> [YOUR TASK]:
Give the data below again exactly as it stands. Omit the pictures.

> [RECORD EXCERPTS]:

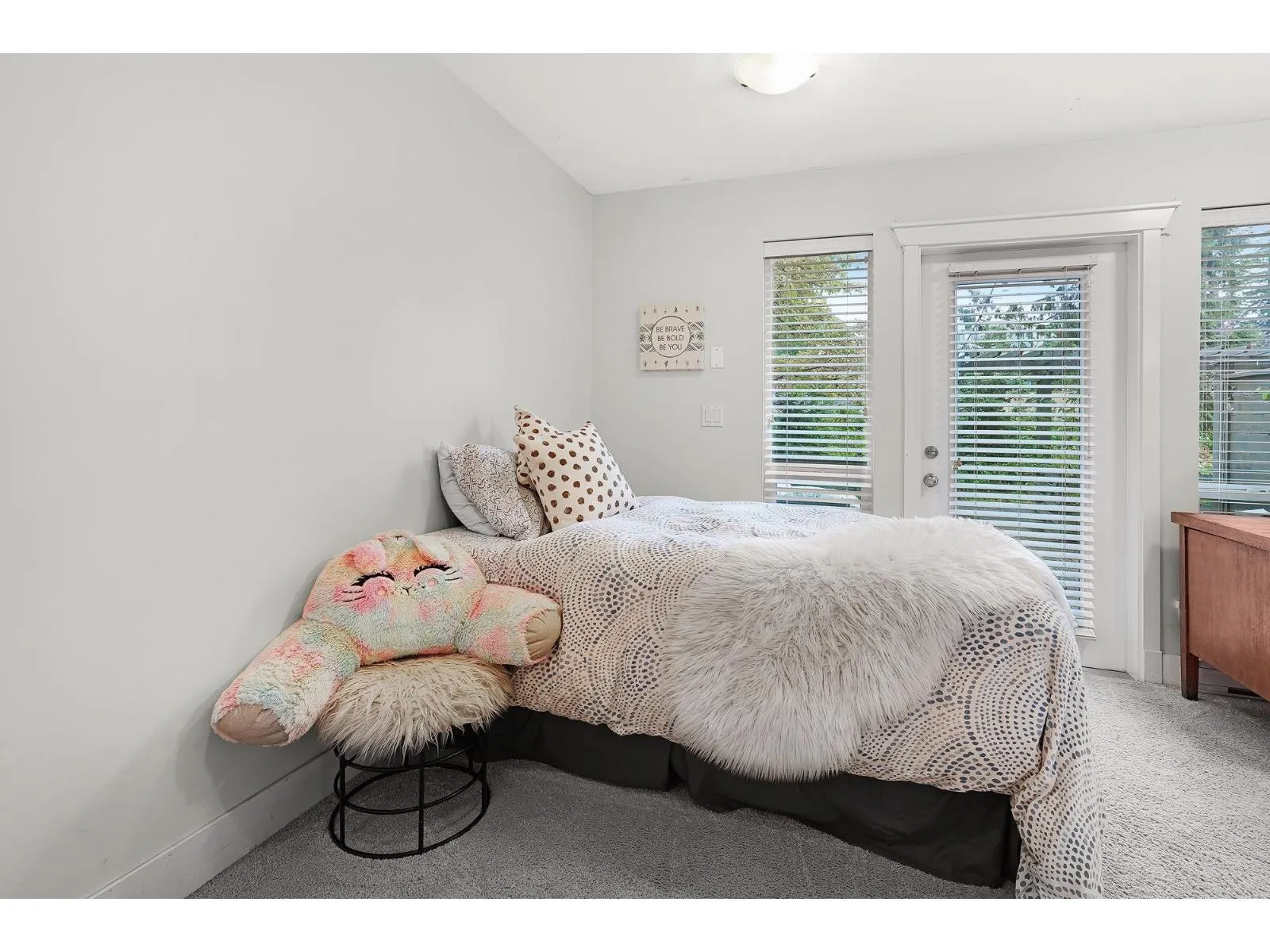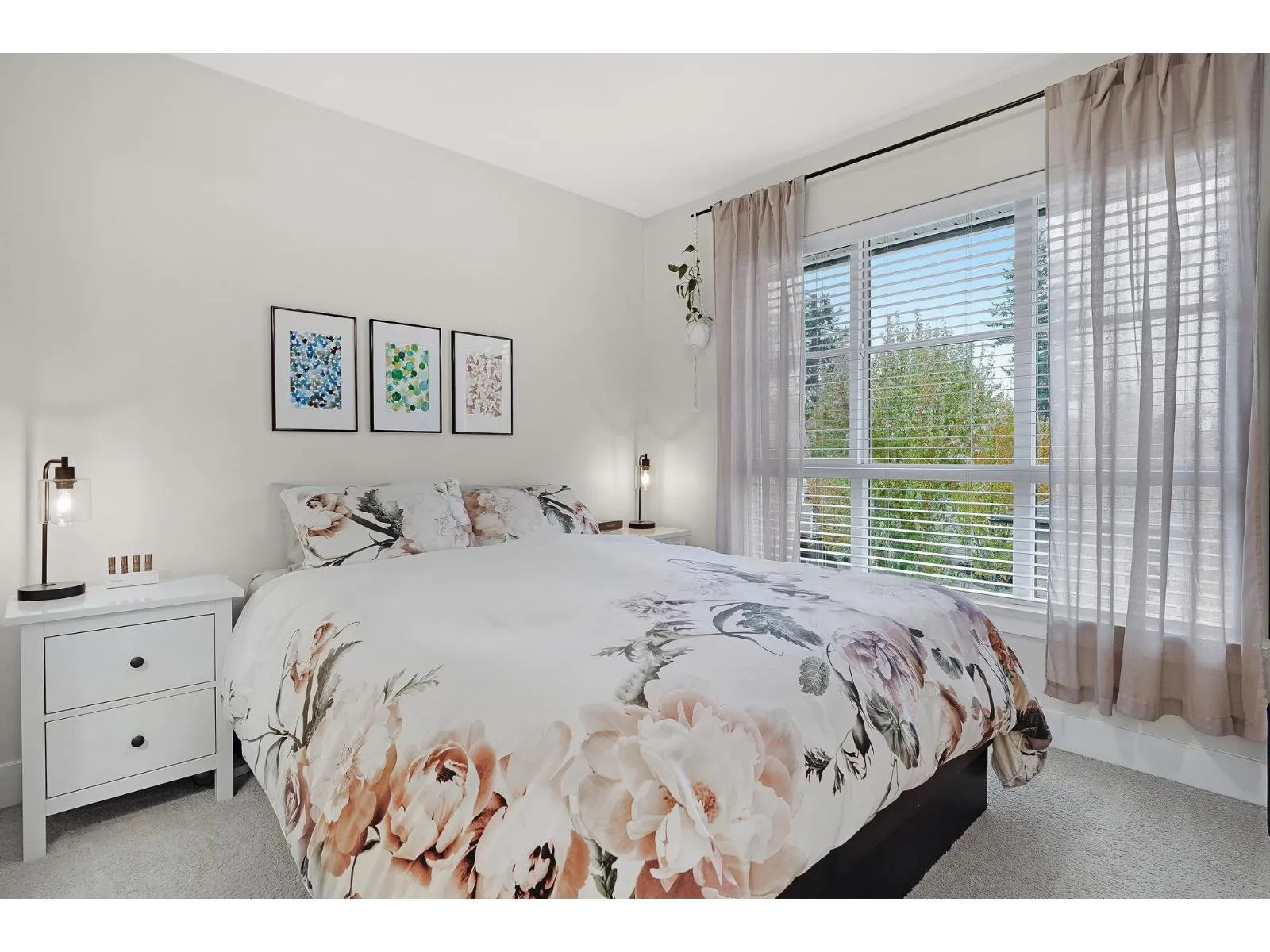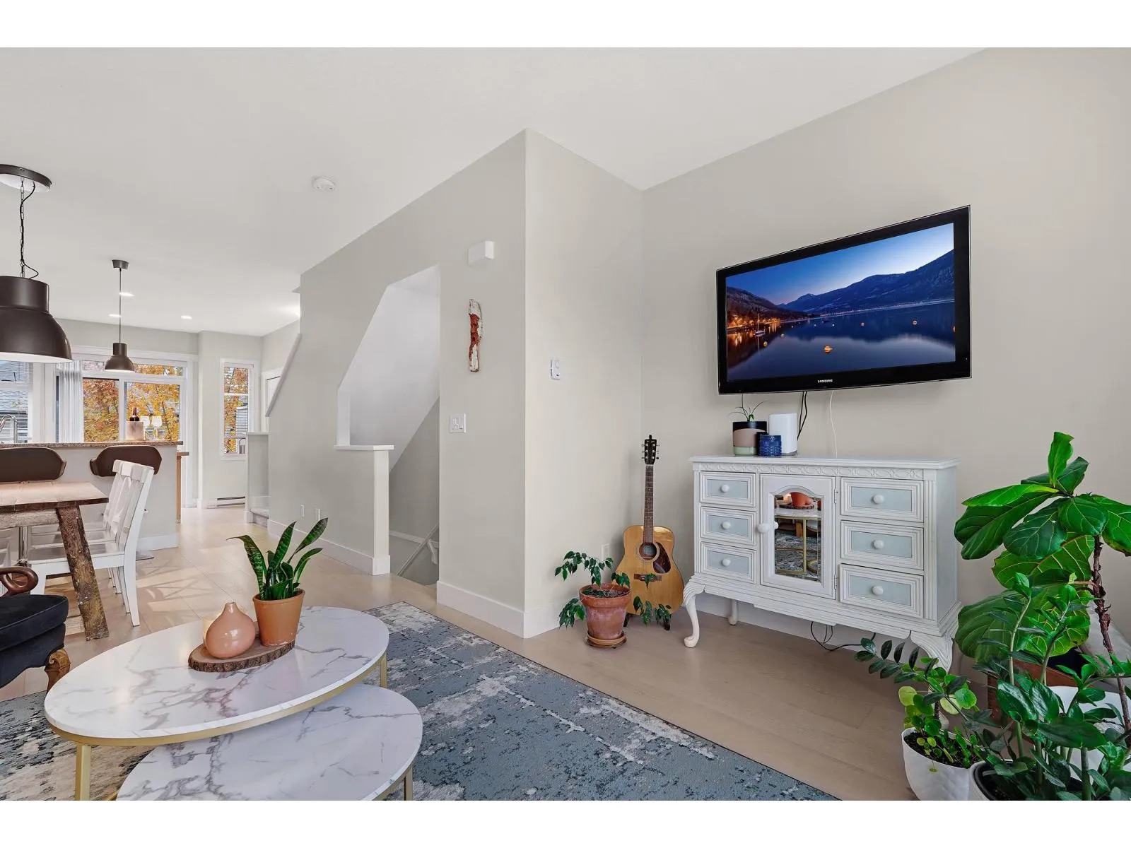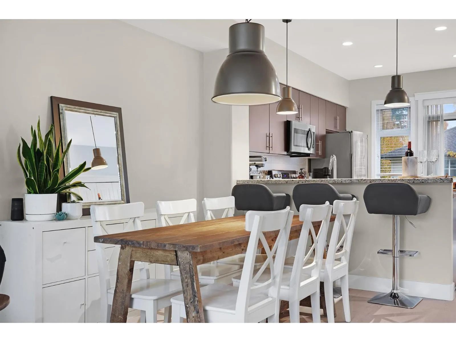 Welcome to a beautiful townhome at Nuvo II! Stylish 2-3 bedroom home with a private treed outlook. The entry level offers a flexible bedroom or office (zoned for work), full bath, and access to a fenced yard. The bright main floor features an open-concept layout with a chef's kitchen - rich wood cabinets, granite counters, stainless steel appliances, and a large pantry. Enjoy an oversized, private balcony perfect for relaxing or entertaining. Upstairs boasts two spacious bedrooms, each with its own ensuite. Single garage with extended covered driveway for extra parking. Excellent outdoor areas on the deck and downstairs patio. Central location close to shopping and quick Highway 99. School catchment is Rosemary Heights. A short walk to Morgan Crossing. (id:27476)
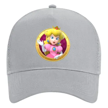 Princess Peach Toadstool, Adult Structured Trucker Hat, with Mesh, GRAY (100% COTTON, ADULT, UNISEX, ONE SIZE)
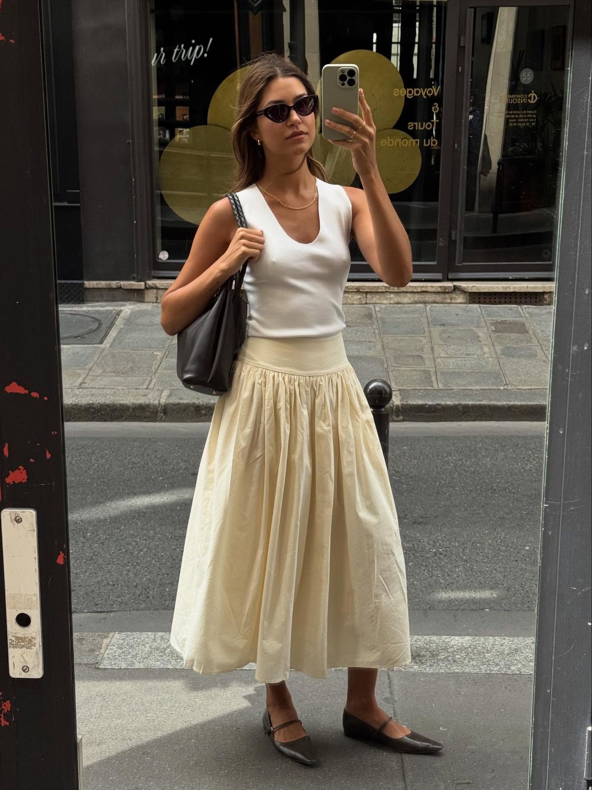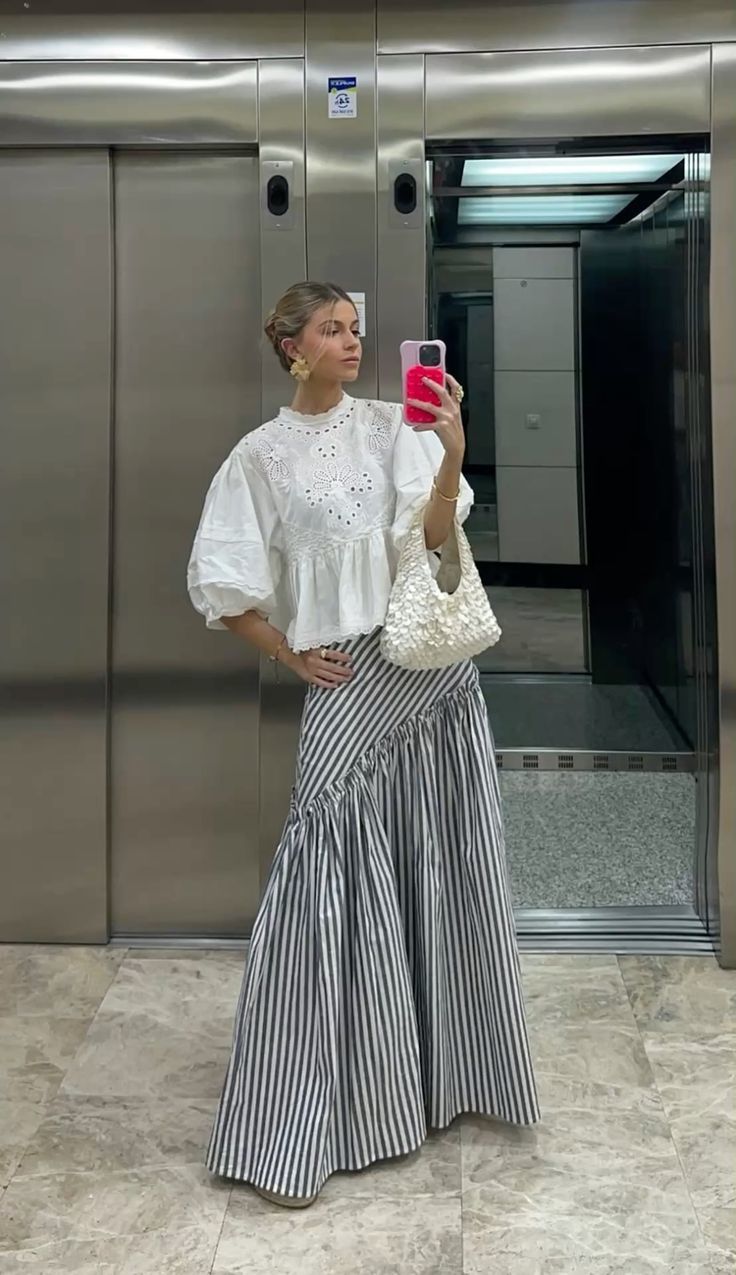 Para ser ter sucesso a usá-las, a chave está no equilíbrio de proporções. Saias fluídas pedem peças superiores mais estruturadas, ao passo que modelos de cintura baixa ou de corte direito funcionam melhor com tops simples e sapatos que alonguem a silhueta. O calçado também faz toda a diferença, uma vez que sandálias rasas, mules ou ténis dão um ar mais descontraído, enquanto um sapato mais limpo transforma a mesma saia num look mais composto.
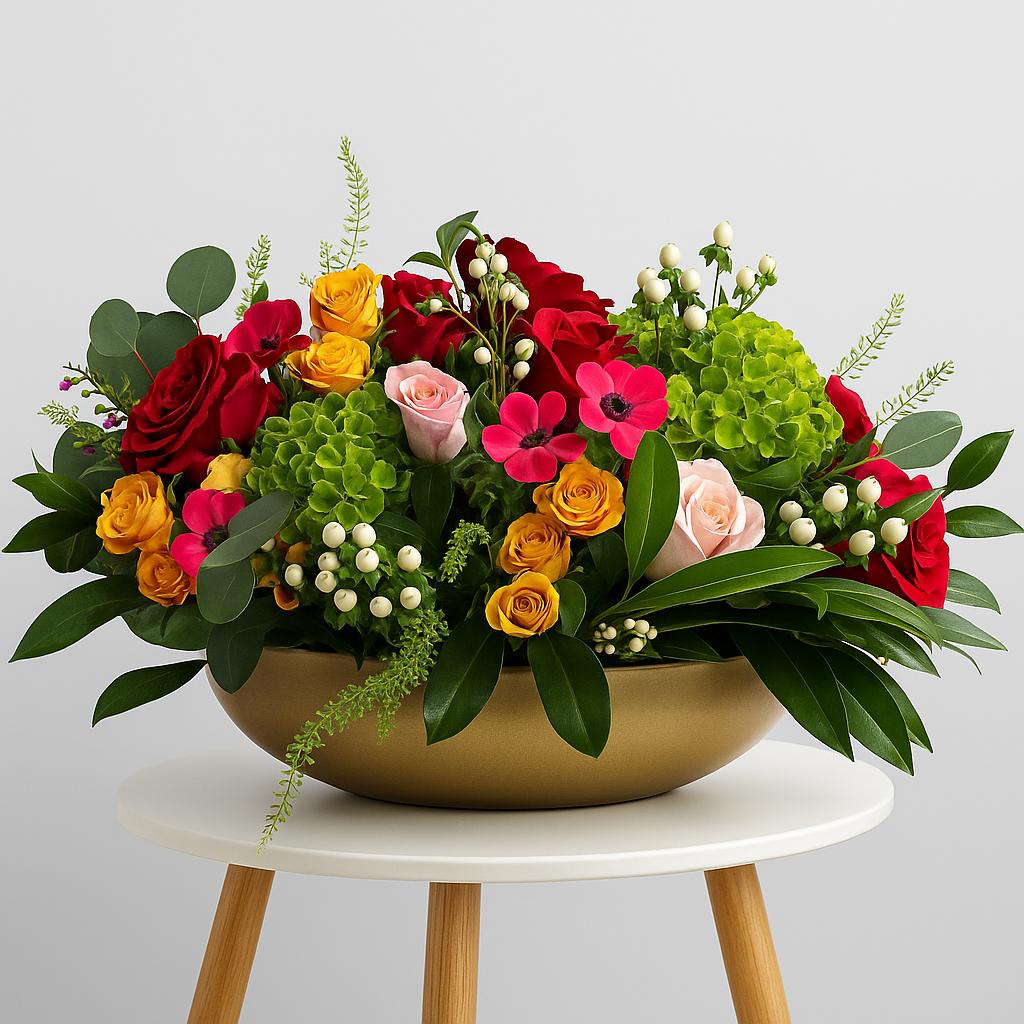 A lively and bold floral centerpiece featuring a harmonious mix of red, hot pink, blush, and yellow roses, bright green hydrangeas, pink anemones, white hypericum berries, and lush foliage. Arranged in a matte gold shallow bowl, this display strikes a balance between luxury and cheerful energy, perfect for commanding attention in any room.
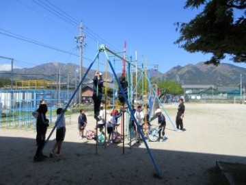 春の日差しがとても心地よい日となりました。今日は、1、2年生が本町公会所にある公園に遊びに出かけました。縄跳びやドッジボール、遊具など、自分たちで遊びを決めて楽しむ姿が見られました。公会所は、町たんけんの時に立ち寄った場所です。なじみの深い場所でもありますが、子どもたちにとっては、学校とは違う場所で活動することがとても楽しかったようです。1年生も2年生もともに、仲良く過ごすことができたことが、素敵な姿だなあと感じました。
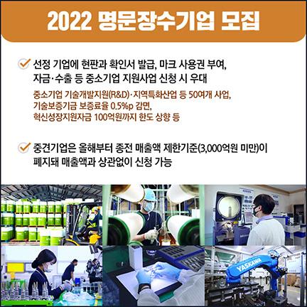 자세한 신청자격과 방법, 우대 사항 등은 중기부 누리집(www.mss.go.kr) 명문장수기업 모집 공고를 확인하면 된다.

> [TASK ANSWER]:
 Welcome to a beautiful townhome at Nuvo II! Stylish 2-3 bedroom home with a private treed outlook. The entry level offers a flexible bedroom or office (zoned for work), full bath, and access to a fenced yard. The bright main floor features an open-concept layout with a chef's kitchen - rich wood cabinets, granite counters, stainless steel appliances, and a large pantry. Enjoy an oversized, private balcony perfect for relaxing or entertaining. Upstairs boasts two spacious bedrooms, each with its own ensuite. Single garage with extended covered driveway for extra parking. Excellent outdoor areas on the deck and downstairs patio. Central location close to shopping and quick Highway 99. School catchment is Rosemary Heights. A short walk to Morgan Crossing. (id:27476)
 Princess Peach Toadstool, Adult Structured Trucker Hat, with Mesh, GRAY (100% COTTON, ADULT, UNISEX, ONE SIZE)
 Para ser ter sucesso a usá-las, a chave está no equilíbrio de proporções. Saias fluídas pedem peças superiores mais estruturadas, ao passo que modelos de cintura baixa ou de corte direito funcionam melhor com tops simples e sapatos que alonguem a silhueta. O calçado também faz toda a diferença, uma vez que sandálias rasas, mules ou ténis dão um ar mais descontraído, enquanto um sapato mais limpo transforma a mesma saia num look mais composto.
 A lively and bold floral centerpiece featuring a harmonious mix of red, hot pink, blush, and yellow roses, bright green hydrangeas, pink anemones, white hypericum berries, and lush foliage. Arranged in a matte gold shallow bowl, this display strikes a balance between luxury and cheerful energy, perfect for commanding attention in any room.
 春の日差しがとても心地よい日となりました。今日は、1、2年生が本町公会所にある公園に遊びに出かけました。縄跳びやドッジボール、遊具など、自分たちで遊びを決めて楽しむ姿が見られました。公会所は、町たんけんの時に立ち寄った場所です。なじみの深い場所でもありますが、子どもたちにとっては、学校とは違う場所で活動することがとても楽しかったようです。1年生も2年生もともに、仲良く過ごすことができたことが、素敵な姿だなあと感じました。
 자세한 신청자격과 방법, 우대 사항 등은 중기부 누리집(www.mss.go.kr) 명문장수기업 모집 공고를 확인하면 된다.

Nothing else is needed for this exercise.